The skeleton is transitioning from soft cartilage to harder bone. This hardening process, called ossification, follows a predictable pattern. By 16 weeks, most of the long bones in the arms and legs are beginning to calcify, and the spine is progressively hardening in a downward direction. The lowest lumbar vertebrae are ossifying around this time, with each additional vertebral level solidifying roughly every two to three weeks after week 16. On an ultrasound, these hardening bones show up as bright white lines and shapes against the darker soft tissue.

Movement at 16 Weeks

A 16-week fetus is surprisingly active. The arms and legs are long enough, and the joints flexible enough, for kicking, stretching, and even somersaulting in the amniotic fluid. The fetus can make fists, flex its fingers, and curl its toes. Sucking and swallowing reflexes are developing, and the fetus regularly swallows amniotic fluid as a form of practice for feeding after birth.
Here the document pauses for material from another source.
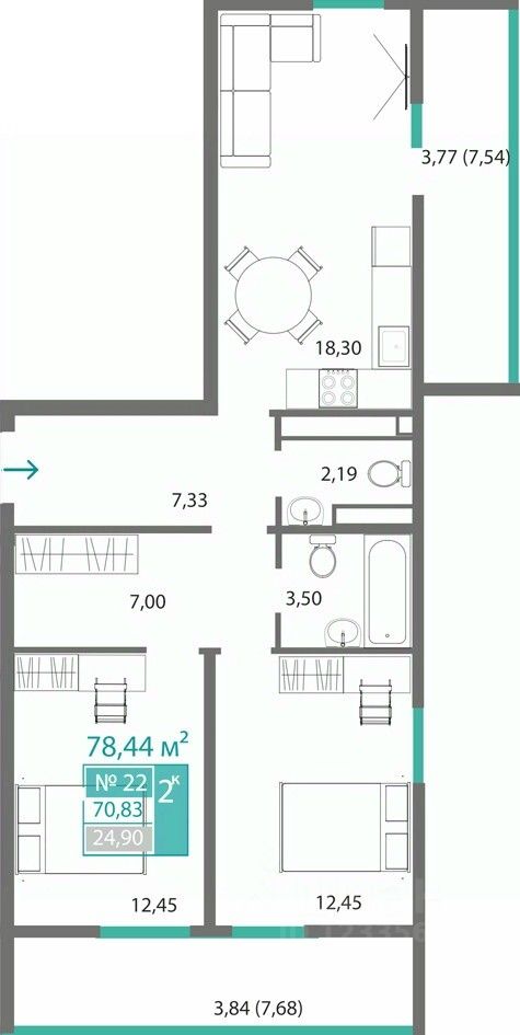 Продаётся 2-комнатная квартира в строящемся доме (3 этап (Секция Б7.1)), срок сдачи: I-кв. 2027, общей площадью 70.83 кв.м., на 4 этаже. Новый жилой квартал "Горизонты" от застройщика "Монолит" расположен по адресу Республика Крым, Симферополь, микрорайон Крымская роза.
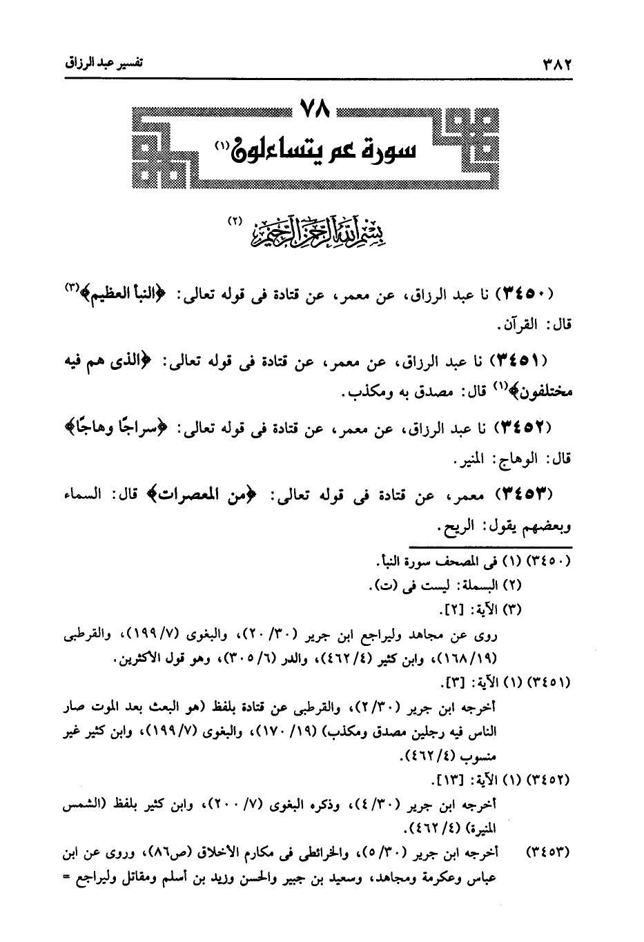 3450 - عَنْ مَعْمَرٍ , عَنْ قَتَادَةَ , فِي قَوْلِهِ تَعَالَى: {§النَّبَإِ الْعَظِيمِ} [النبأ: 2] قَالَ: «الْقُرْآنُ»

Most people who are pregnant can’t feel these movements yet at 16 weeks, especially in a first pregnancy. The fetus is still small enough that its kicks and rolls don’t reach the uterine wall with enough force to notice. First-time mothers typically feel movement between 18 and 22 weeks, while those who’ve been pregnant before sometimes notice it a few weeks earlier.

Organ Development

Several organ systems hit functional milestones around week 16. The kidneys are now producing urine, and from this point forward, fetal urination is responsible for more than half of the amniotic fluid volume. The fetus swallows this fluid, processes it through the digestive system, and urinates it back out in a continuous cycle that helps maintain the right amount of fluid in the uterus.

The heart is fully formed and pumping about 25 quarts of blood per day. The circulatory system is complete enough that the heartbeat is easily detected on a standard Doppler device at a prenatal visit. The liver and spleen are beginning to produce blood cells, and the intestines are starting to accumulate meconium, the dark substance that will become the baby’s first bowel movement after birth.

What You Can See on Ultrasound

If you have an ultrasound around 16 weeks, you’ll see a fetus that looks recognizably like a baby. The profile view typically shows a clear forehead, nose, and chin. You can often see the hands and feet, count fingers and toes, and watch the fetus move in real time. The four chambers of the heart are visible, and the spine appears as a distinct row of bright dots.

Many parents want to know the sex at this stage. While the external genitalia are formed by 16 weeks, the accuracy of sex determination depends on the fetus’s position during the scan. Studies of ultrasound predictions between 14 and 16 weeks show high accuracy when the anatomy is clearly visible, though most providers prefer to confirm at the standard anatomy scan around 18 to 20 weeks, when the structures are larger and easier to evaluate.

Sensory Development So Far

At 16 weeks, the sensory systems are still in early construction. The inner ear structures are forming but not yet connected to the brain in a way that allows hearing. True sound responsiveness won’t begin until around 23 weeks, and consistent reactions to sound across all fetuses don’t appear until 28 to 30 weeks. The eyes can sense light and dark to a limited degree through the closed eyelids, but vision remains the least developed sense at this stage. Touch receptors, however, are fairly well established. The fetus responds to pressure on the uterine wall and will often move away from the probe during an ultrasound.